Having done a small bit of research online I can’t see why I am not entitled to it. The company however advise they have researched it and because of the circumstance of not hitting targets etc. they are letting us go on this basis.

Does anyone have any experience in this area and know if I am or not due redundancy or know who I can contact to confirm my position?

Many Thanks


----------



## TillyD (13 Oct 2008)

Has your boss ever given you warnings about your 'poor sale figures' ie verbal, written


----------



## Instyle (13 Oct 2008)

Yes verbal warnings


----------



## TillyD (13 Oct 2008)

I far as I know (and I'm sure someone else will inform you better) you have to get a verbal warning and this should be noted, then a written warning and then a final warning were you are told that this is your final warning. This warning should also be in writing.


----------



## shipibo (14 Oct 2008)

Why are you talking about redundancy when you were "sacked" ???

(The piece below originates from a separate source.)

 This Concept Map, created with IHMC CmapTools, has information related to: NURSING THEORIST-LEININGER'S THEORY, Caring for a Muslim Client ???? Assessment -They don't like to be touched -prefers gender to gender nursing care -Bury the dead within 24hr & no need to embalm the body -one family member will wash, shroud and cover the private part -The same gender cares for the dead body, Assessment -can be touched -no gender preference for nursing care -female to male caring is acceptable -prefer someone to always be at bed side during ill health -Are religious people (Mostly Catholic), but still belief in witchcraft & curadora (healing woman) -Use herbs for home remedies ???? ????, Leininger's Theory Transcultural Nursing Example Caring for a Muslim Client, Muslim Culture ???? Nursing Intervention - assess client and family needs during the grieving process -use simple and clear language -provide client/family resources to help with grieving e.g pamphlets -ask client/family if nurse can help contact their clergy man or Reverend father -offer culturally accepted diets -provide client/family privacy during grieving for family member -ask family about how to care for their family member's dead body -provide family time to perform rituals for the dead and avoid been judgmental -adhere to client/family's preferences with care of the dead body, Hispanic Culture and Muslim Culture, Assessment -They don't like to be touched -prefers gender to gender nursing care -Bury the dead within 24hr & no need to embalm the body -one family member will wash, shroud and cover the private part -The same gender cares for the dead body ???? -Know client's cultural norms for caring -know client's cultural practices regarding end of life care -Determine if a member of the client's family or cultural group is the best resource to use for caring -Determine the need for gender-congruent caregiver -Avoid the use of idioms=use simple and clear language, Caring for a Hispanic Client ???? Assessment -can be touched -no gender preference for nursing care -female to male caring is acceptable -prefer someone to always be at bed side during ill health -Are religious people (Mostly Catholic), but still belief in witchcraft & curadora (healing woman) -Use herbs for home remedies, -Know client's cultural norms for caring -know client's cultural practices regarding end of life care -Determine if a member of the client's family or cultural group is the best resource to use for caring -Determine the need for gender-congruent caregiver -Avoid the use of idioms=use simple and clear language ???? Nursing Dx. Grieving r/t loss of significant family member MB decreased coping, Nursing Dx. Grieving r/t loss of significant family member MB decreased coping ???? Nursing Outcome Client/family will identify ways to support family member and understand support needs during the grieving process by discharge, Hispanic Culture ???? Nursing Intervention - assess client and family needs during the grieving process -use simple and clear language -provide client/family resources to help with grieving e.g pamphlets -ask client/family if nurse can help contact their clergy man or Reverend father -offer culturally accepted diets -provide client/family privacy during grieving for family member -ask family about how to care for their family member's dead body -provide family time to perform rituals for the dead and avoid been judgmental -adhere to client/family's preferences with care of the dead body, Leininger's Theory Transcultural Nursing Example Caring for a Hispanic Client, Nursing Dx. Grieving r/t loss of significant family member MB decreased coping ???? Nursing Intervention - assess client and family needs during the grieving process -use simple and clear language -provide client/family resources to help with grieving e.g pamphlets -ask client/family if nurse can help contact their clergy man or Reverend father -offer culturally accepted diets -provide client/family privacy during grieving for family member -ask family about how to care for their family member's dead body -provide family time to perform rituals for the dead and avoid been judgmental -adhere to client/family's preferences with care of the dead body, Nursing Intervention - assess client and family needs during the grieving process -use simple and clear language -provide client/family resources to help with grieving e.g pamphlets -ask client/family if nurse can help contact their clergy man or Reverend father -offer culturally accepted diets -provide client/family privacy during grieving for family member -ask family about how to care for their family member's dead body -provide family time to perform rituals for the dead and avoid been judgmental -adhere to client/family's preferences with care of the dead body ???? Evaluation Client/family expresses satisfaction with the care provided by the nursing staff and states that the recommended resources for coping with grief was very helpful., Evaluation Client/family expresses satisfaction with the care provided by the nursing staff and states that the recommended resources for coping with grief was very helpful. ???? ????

Looks like unfair dismissal to me, contact 




[broken link removed]


You were fired due to "poor sales", unless explicit in contract , you have a case.


----------



## Instyle (14 Oct 2008)

Thanks Guys,

I dont have a written contract of employment if that makes any difference.

I'll have  alook at the NERA site now, thanks you


----------



## Purple (14 Oct 2008)

crumdub12 said:


> Why are you talking about redundancy when you were "sacked" ???
> 
> Looks like unfair dismissal to me, contact
> 
> ...



Yep, that's good advice.

Your employer is an idiot, he should have just let you go and paid the redundancy; it's bugger all for two years and he would have avoided all this hassle.


----------



## gillarosa (14 Oct 2008)

Instyle said:


> Thanks Guys,
> 
> I dont have a written contract of employment if that makes any difference.
> 
> I'll have alook at the NERA site now, thanks you


 
That is immaterial as the Statutory rights only apply when it gets to this situation. As a previous poster stated its sounds like Unfair Dismissal by an Employer who is only vaguely aware of Labour legislation.
Best of luck with this I imagine its very stressful.


----------



## Smashbox (14 Oct 2008)

You aren't entitled to Redundancy unless you are made redundant. You are being sacked/fired, and so not being made redundant.

I agree with the previous posts, you could have your case looked into if you feel you were fired in the wrong even with poor sales and warnings.


----------